Records from a collection:
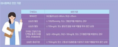´ë»çÁõÈıºÀº ÇÕº´ÁõÀÌ ¹ß»ýÇϱâ Àü¿¡´Â Áõ»óÀÌ ¾ø´Ù. ÇöÀç ±¹³»¿¡¼´Â NCEP(¹Ì±¹ ±¹°¡ ÄÝ·¹½ºÅ×·Ñ ±³À° ÇÁ·Î±×·¥) Áø´Ü ±âÁØ Áߺ¹ºÎºñ¸¸ ±âÁظ¸ Çѱ¹Àο¡ ¸ÂÃç »ç¿ëÇÏ´Â °æ¿ì°¡ ¸¹´Ù. ÀϹÝÀûÀ¸·Î ¾Æ·¡ÀÇ ±âÁØ Áß 3°¡Áö ÀÌ»ó¿¡ ÇØ´çµÇ¸é ´ë»çÁõÈıºÀ¸·Î Á¤ÀÇÇÑ´Ù. ´ë»çÁõÈıº Ä¡·áÀÇ ±Ã±ØÀûÀÎ ¸ñÇ¥´Â ´ç´¢º´, ½É³úÇ÷°üÁúȯ µîÀ» ¿¹¹æÇϰí ÀÌ·Î ÀÎÇÑ »ç¸ÁÀ» ÁÙÀÌ´Â °ÍÀÌ´Ù. ¶Ç ½ÄÀÌ¿ä¹ý, ¿îµ¿¿ä¹ýÀ» Æ÷ÇÔÇÑ »ýȰ½À°ü °³¼±À» ÅëÇØ ÀûÁ¤ üÁßÀ» À¯ÁöÇÏ´Â °ÍÀÌ Áß¿äÇÏ´Ù.
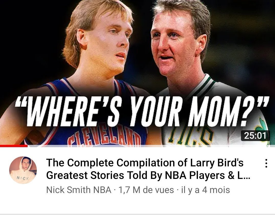 Je le trouve beaucoup plus incroyable que Jordan il était ouf ce typeJordan a pompé tout son trashtalking et comment rentrer dans la tête de son adversaire sur Larry bird
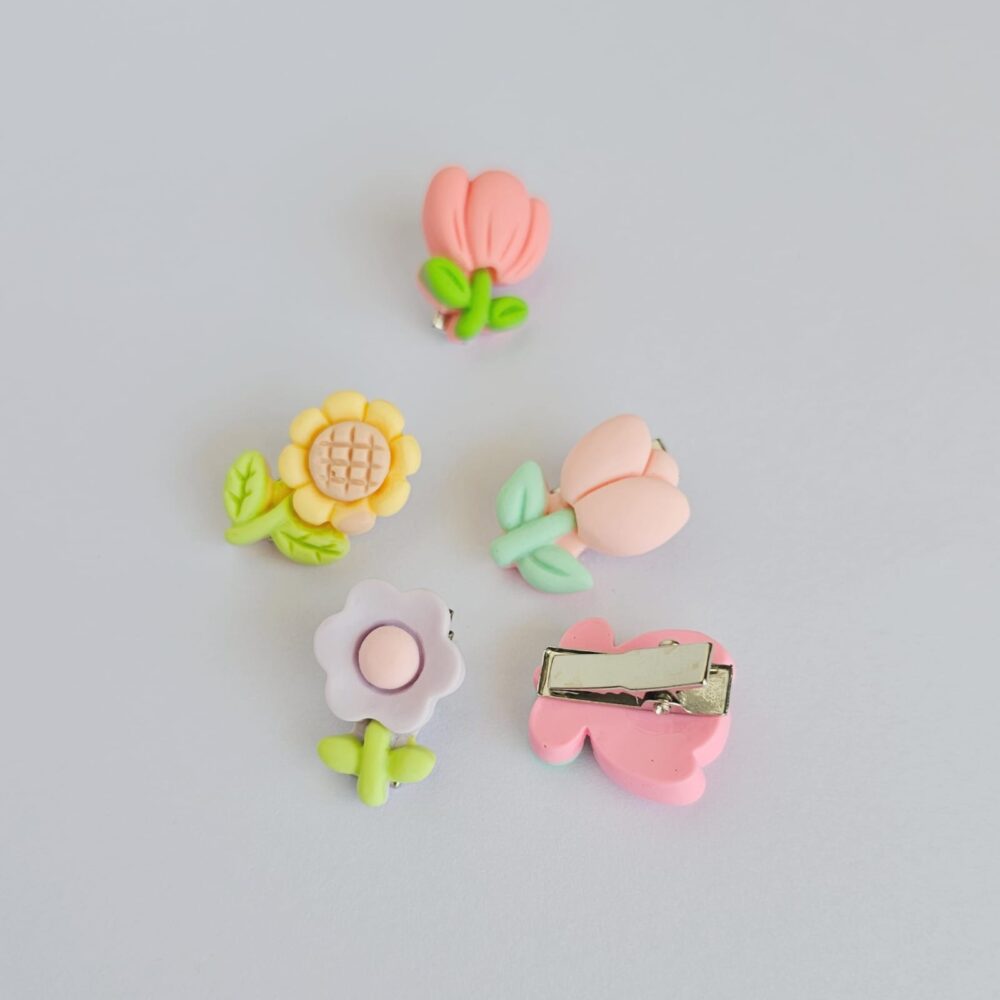 3 3d rubber flowers small hairclips pack
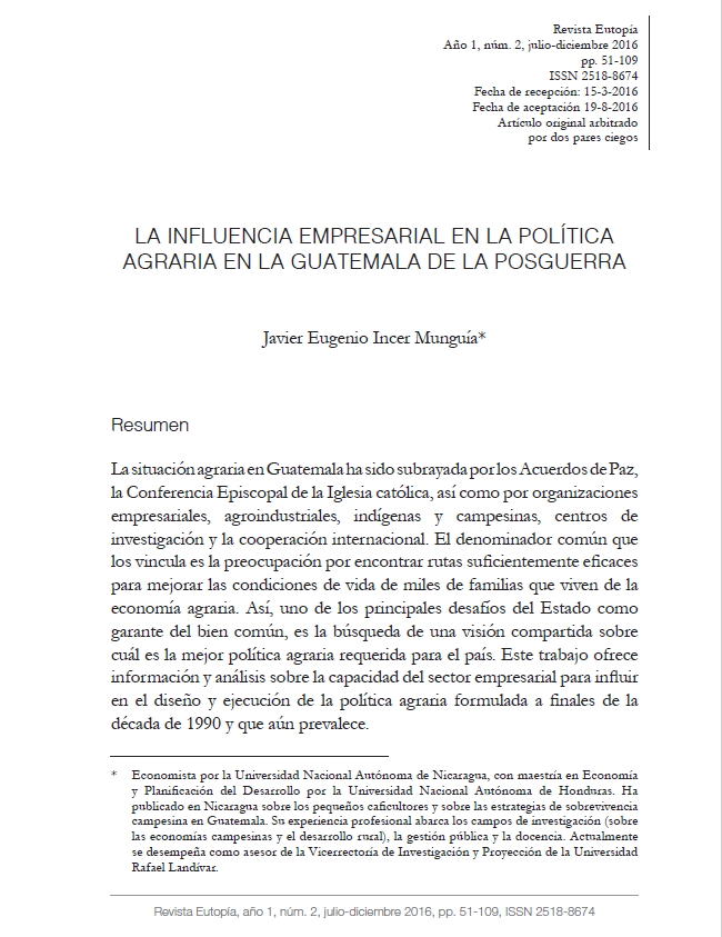 23 Abr La influencia empresarial en la política agraria en la Guatemala de la posguerra by Jocelyn Concuá in Comments Ver más
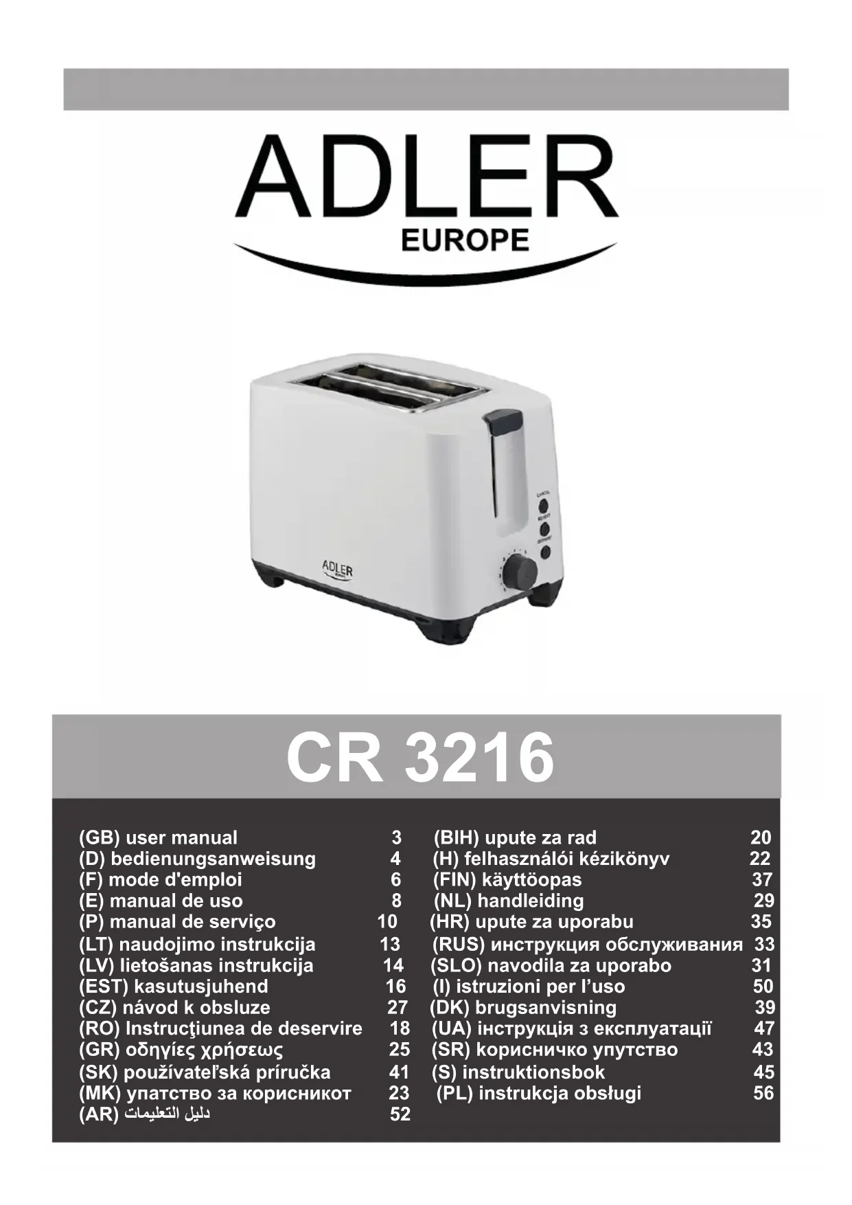 AD 3216 - Grille-pain ADLER - Notice d'utilisation et mode d'emploi gratuit

→ **EXERCISE**:
A clean copy is needed of the lines above from the one with "Je le trouve" up to and including the one with "23 Abr La influencia". Please set it down exactly, with no pictures.

→ **TASK OUTPUT**:
 Je le trouve beaucoup plus incroyable que Jordan il était ouf ce typeJordan a pompé tout son trashtalking et comment rentrer dans la tête de son adversaire sur Larry bird
 3 3d rubber flowers small hairclips pack
 23 Abr La influencia empresarial en la política agraria en la Guatemala de la posguerra by Jocelyn Concuá in Comments Ver más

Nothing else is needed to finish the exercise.